# RECORDS FOR PROCESSING
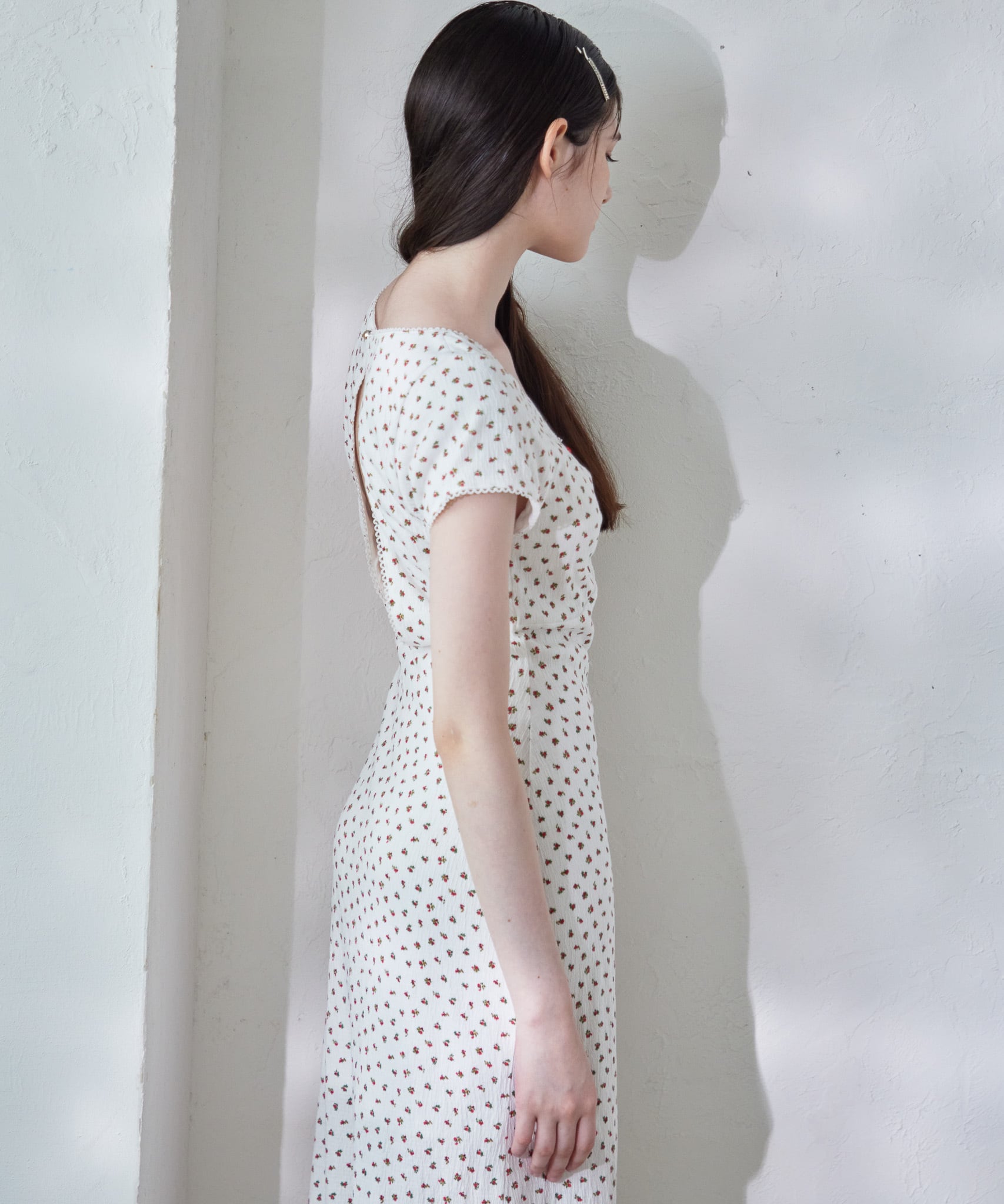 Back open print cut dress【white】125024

--

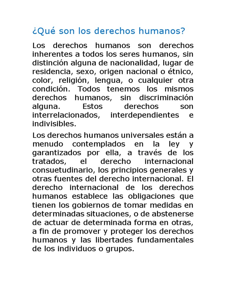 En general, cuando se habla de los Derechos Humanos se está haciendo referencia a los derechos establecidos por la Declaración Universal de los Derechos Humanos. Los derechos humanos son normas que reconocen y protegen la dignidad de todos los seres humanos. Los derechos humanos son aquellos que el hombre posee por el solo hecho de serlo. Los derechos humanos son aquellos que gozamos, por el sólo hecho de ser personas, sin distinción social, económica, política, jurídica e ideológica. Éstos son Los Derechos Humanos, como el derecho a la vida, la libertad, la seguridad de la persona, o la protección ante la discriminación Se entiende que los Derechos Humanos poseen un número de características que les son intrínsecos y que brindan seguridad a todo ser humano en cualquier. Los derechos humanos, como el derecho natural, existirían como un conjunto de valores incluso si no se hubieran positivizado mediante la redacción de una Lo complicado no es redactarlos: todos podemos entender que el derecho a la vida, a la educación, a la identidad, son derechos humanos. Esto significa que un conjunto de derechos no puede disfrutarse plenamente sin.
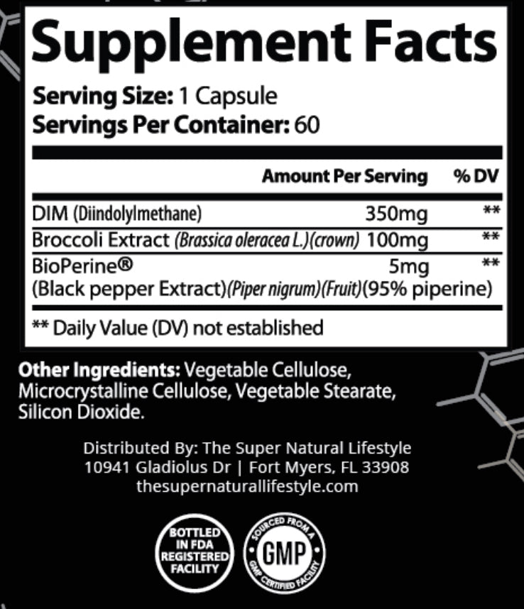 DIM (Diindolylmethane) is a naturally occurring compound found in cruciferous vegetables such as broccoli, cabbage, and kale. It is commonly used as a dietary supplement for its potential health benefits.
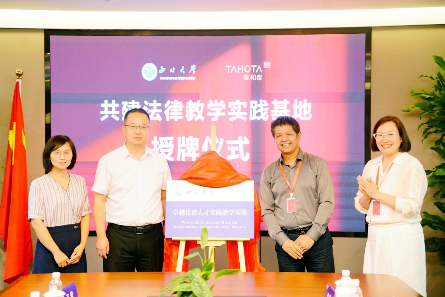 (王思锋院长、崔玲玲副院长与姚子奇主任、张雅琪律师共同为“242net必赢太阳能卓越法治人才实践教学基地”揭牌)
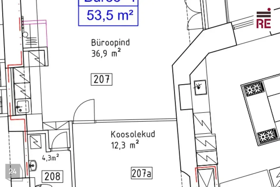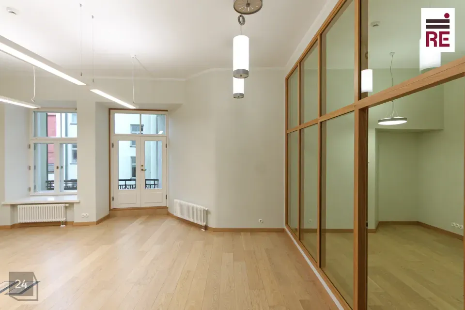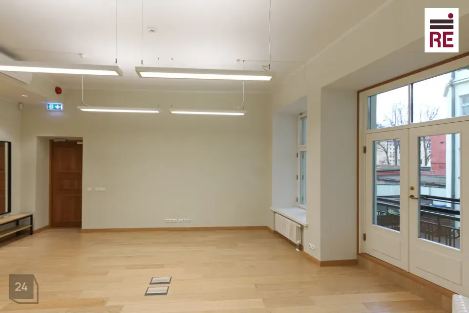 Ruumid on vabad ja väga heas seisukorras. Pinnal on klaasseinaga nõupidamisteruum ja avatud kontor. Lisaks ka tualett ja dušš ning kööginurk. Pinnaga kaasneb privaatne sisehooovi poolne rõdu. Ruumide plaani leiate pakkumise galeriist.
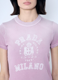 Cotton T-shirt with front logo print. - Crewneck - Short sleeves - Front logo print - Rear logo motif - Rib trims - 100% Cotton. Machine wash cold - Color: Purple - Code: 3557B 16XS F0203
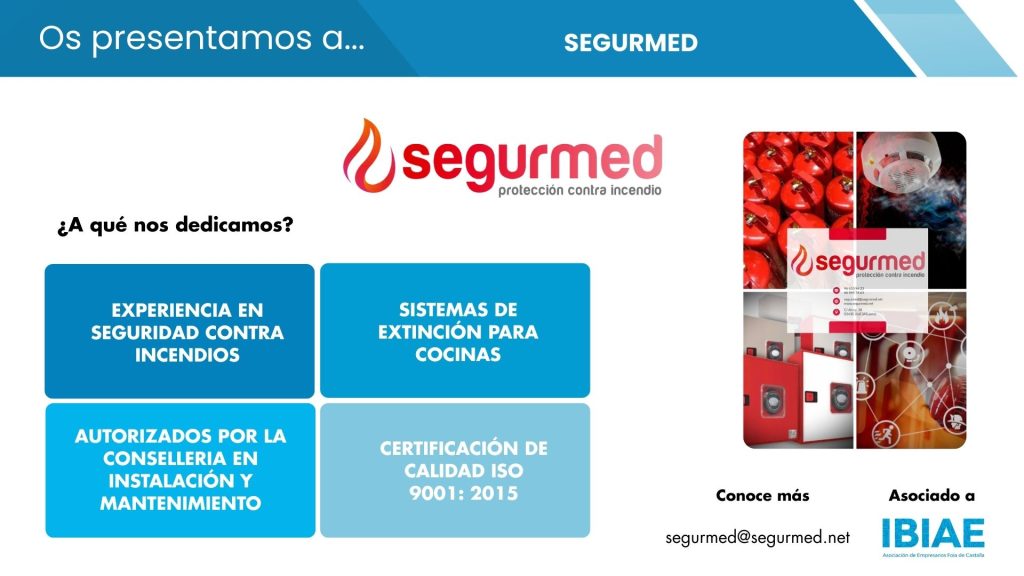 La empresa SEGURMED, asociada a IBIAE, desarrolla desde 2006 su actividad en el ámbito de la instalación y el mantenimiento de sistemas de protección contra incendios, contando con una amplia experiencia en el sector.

--

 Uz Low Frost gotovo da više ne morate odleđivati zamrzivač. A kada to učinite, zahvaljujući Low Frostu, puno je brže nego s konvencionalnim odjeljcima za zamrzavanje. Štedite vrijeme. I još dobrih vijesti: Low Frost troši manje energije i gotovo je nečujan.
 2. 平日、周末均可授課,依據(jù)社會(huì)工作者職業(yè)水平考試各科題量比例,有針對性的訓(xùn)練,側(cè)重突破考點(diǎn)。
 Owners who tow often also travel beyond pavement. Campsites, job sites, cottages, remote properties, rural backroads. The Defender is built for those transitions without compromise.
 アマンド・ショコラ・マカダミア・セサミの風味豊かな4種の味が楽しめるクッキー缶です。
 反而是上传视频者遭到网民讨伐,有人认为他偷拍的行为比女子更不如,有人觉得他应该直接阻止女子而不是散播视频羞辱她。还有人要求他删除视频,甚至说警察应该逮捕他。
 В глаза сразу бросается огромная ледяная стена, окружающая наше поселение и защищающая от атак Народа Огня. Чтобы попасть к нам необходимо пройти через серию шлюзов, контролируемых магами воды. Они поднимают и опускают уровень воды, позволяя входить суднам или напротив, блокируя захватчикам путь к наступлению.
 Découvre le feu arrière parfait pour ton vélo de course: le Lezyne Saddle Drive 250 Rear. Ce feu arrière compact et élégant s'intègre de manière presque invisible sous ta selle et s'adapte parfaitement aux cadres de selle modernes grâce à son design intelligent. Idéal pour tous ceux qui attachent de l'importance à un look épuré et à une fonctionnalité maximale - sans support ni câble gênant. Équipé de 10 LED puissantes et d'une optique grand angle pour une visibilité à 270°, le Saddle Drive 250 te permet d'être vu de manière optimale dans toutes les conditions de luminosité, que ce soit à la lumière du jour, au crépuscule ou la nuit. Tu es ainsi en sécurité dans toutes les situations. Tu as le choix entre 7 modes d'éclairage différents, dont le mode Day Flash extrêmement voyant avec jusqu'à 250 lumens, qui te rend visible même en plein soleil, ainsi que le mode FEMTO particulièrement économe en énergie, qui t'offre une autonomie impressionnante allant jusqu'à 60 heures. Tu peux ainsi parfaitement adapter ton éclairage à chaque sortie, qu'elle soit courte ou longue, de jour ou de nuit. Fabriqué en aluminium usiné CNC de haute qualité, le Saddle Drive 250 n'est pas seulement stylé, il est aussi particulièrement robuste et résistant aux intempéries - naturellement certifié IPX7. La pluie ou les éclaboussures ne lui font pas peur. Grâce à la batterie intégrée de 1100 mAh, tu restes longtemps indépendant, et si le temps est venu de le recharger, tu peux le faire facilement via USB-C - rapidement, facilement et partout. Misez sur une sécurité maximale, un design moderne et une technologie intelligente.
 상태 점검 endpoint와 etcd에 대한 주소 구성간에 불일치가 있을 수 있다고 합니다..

# WORK INSTRUCTIONS
Return exactly the lines that appear in the data above between the line containing "Ruumid on vabad" and the line containing "Cotton T-shirt with", both of which are included, and leave the pictures out.

# EXERCISE RESPONSE
 Ruumid on vabad ja väga heas seisukorras. Pinnal on klaasseinaga nõupidamisteruum ja avatud kontor. Lisaks ka tualett ja dušš ning kööginurk. Pinnaga kaasneb privaatne sisehooovi poolne rõdu. Ruumide plaani leiate pakkumise galeriist.
 Cotton T-shirt with front logo print. - Crewneck - Short sleeves - Front logo print - Rear logo motif - Rib trims - 100% Cotton. Machine wash cold - Color: Purple - Code: 3557B 16XS F0203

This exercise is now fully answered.